Hi Jukka,
Thanks for the quick reply.
I see 50 copies of the content in the extracted text output. I have
attached a sample Outlook (msg) file to this mail (which happens to be a
mail from you to the dev group). Hope it helps.
Thanks again,
Kumar
-----Original Message-----
From: Jukka Zitting [mailto:jukka.zitt...@gmail.com]
Sent: Thursday, February 05, 2009 5:22 AM
To: tika-dev@lucene.apache.org
Subject: Re: Microsoft Outlook (msg) files get parsed 50 times in
TikaGUI
Hi,
On Wed, Feb 4, 2009 at 12:00 PM, Jana, Kumar Raja <kj...@ptc.com> wrote:
> I was feeding various document formats to the TikaGUI tool and found
> that Microsoft Outlook (msg) files get parsed around 50 times!!!

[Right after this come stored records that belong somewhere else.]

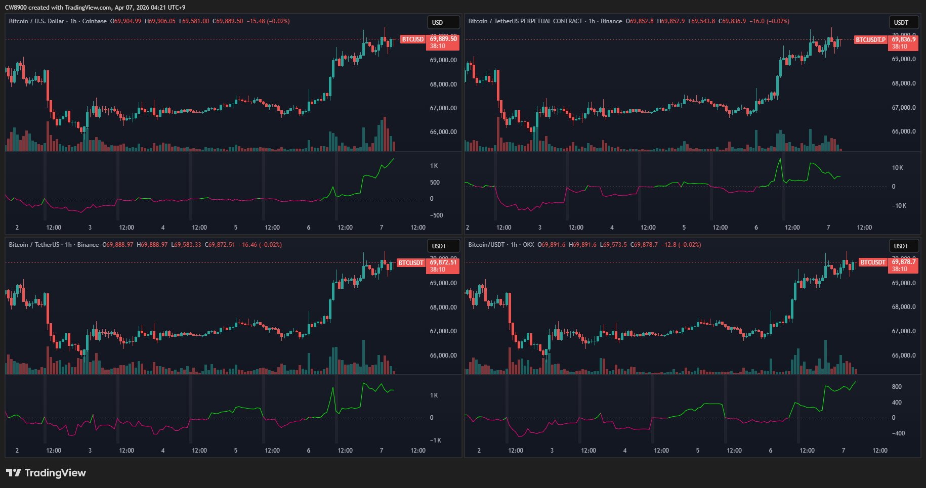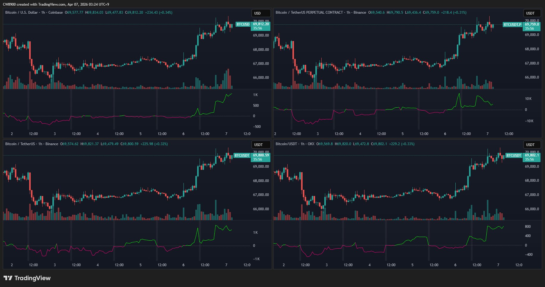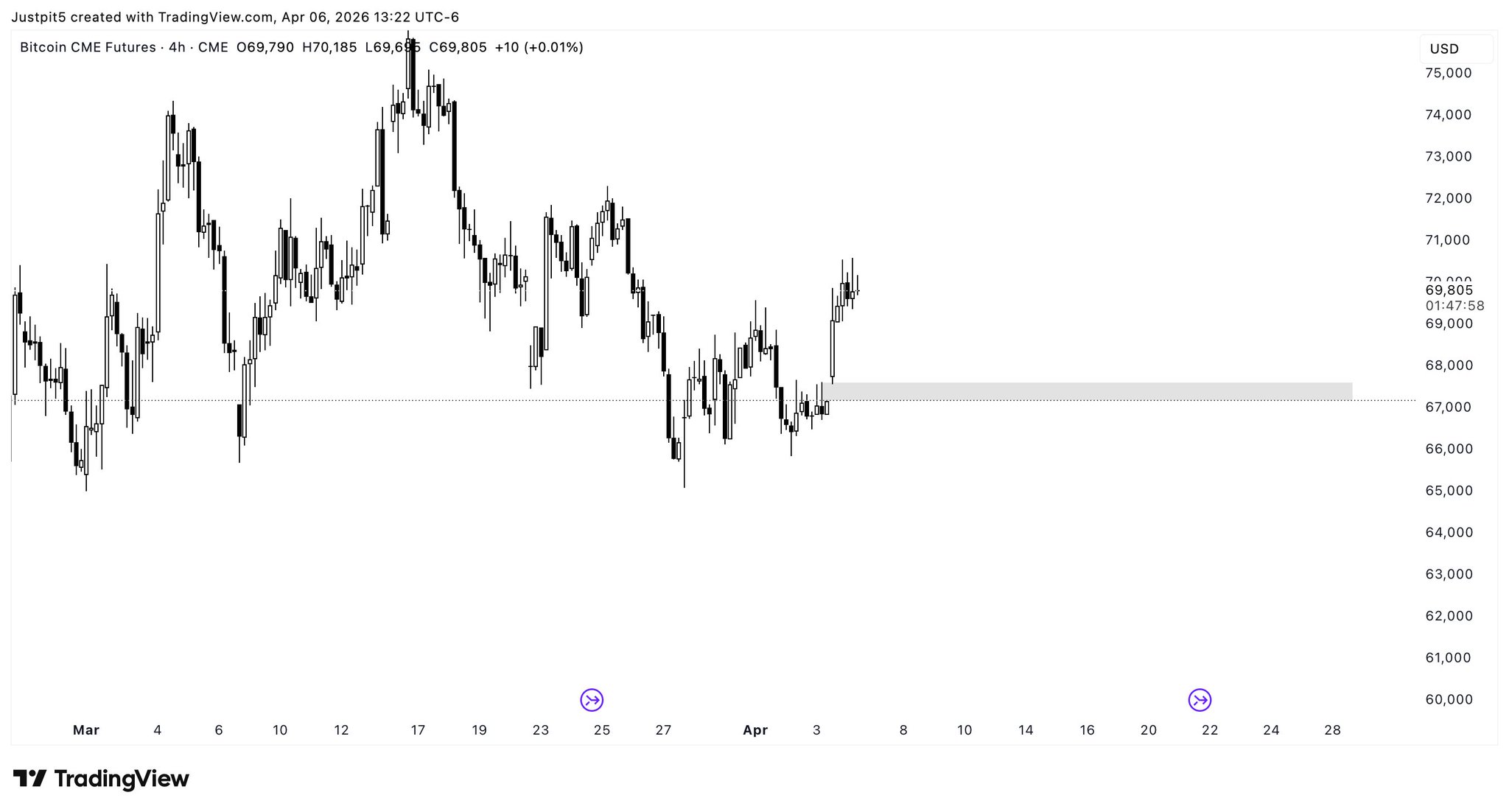 $ 67,351.32 24-годинний діапазон $ 70,349.10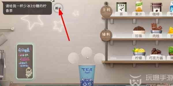 2、接着就需要点击左上角的提示开始(shi)制作(zhizuo)饮料。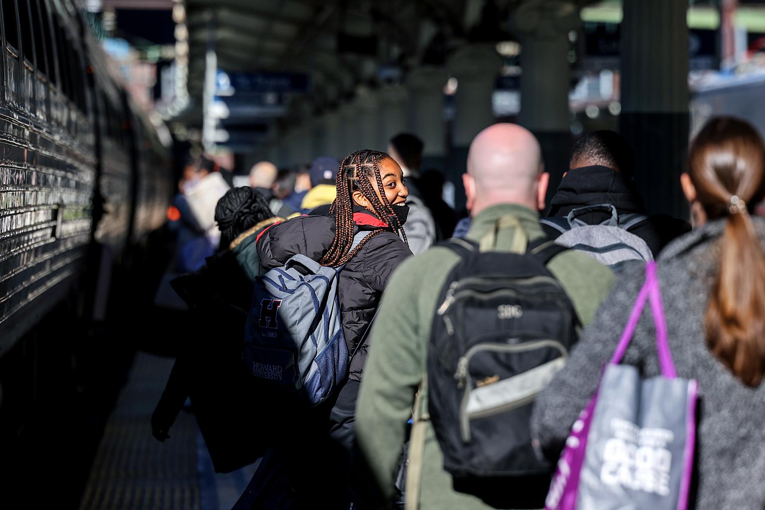 Travelers boarding a train ahead of the Thanksgiving holiday at Union Station in Washington, DC, on Nov 24, 2021.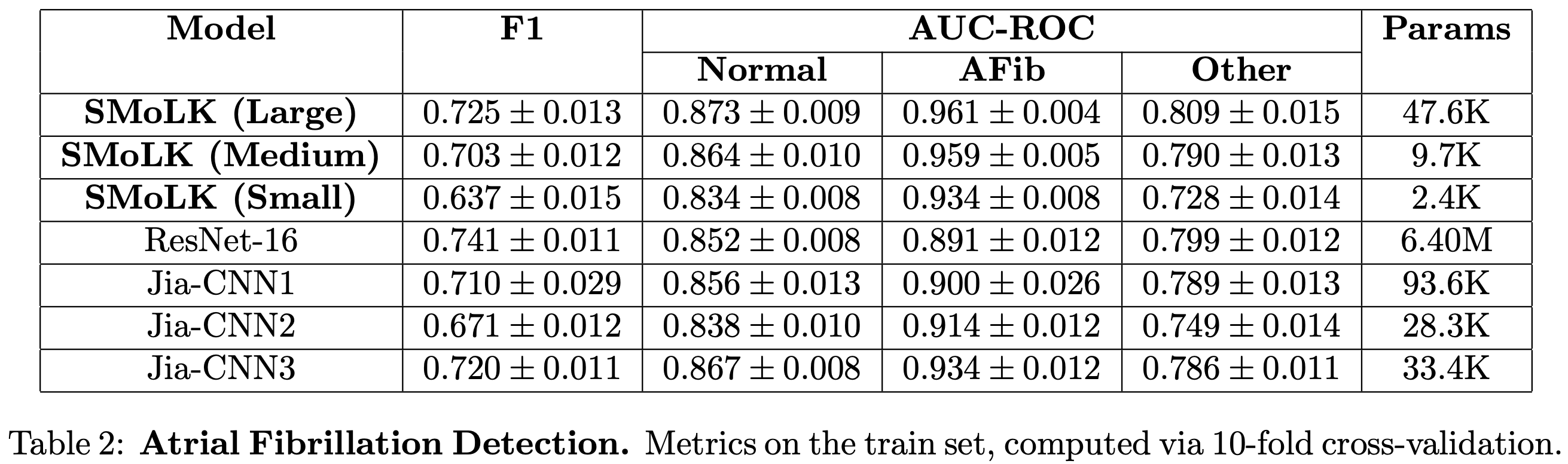 在独立保留测试集上,所有 SMoLK 模型在正常心律和房颤检测上的 AUC-ROC 均优于其他基线模型(见表3)。然而,在检测未知的"其他"心律方面,其性能逊于本文测试的两个参数量最高的模型:16层 ResNet(称为ResNet-16)和一个先前最优的卷积神经网络(称为Jia-CNN1)。

Hmm, that's quite a lot... How does this "50 times" appear, do you get
50 copies of the message content in the extracted text output? Do you
have an example file that you could share with us?
BR,
Jukka Zitting
--- Begin Message ---
Hi,
As discussed, I've been working on making the type detection code more
modular and extensible. This work has progressed pretty well, and now
I'd like to start integrating the results with the rest of Tika. To do
this, I'll need to modify the current MIME type classes. However, I
don't know all the ways in which this code is being used out there.
If you're directly using the classes in org.apache.tika.mime, please
let me know about your use cases and the classes/methods you're
accessing. Otherwise I might end up breaking your application.
BR,
Jukka Zitting
--- End Message ---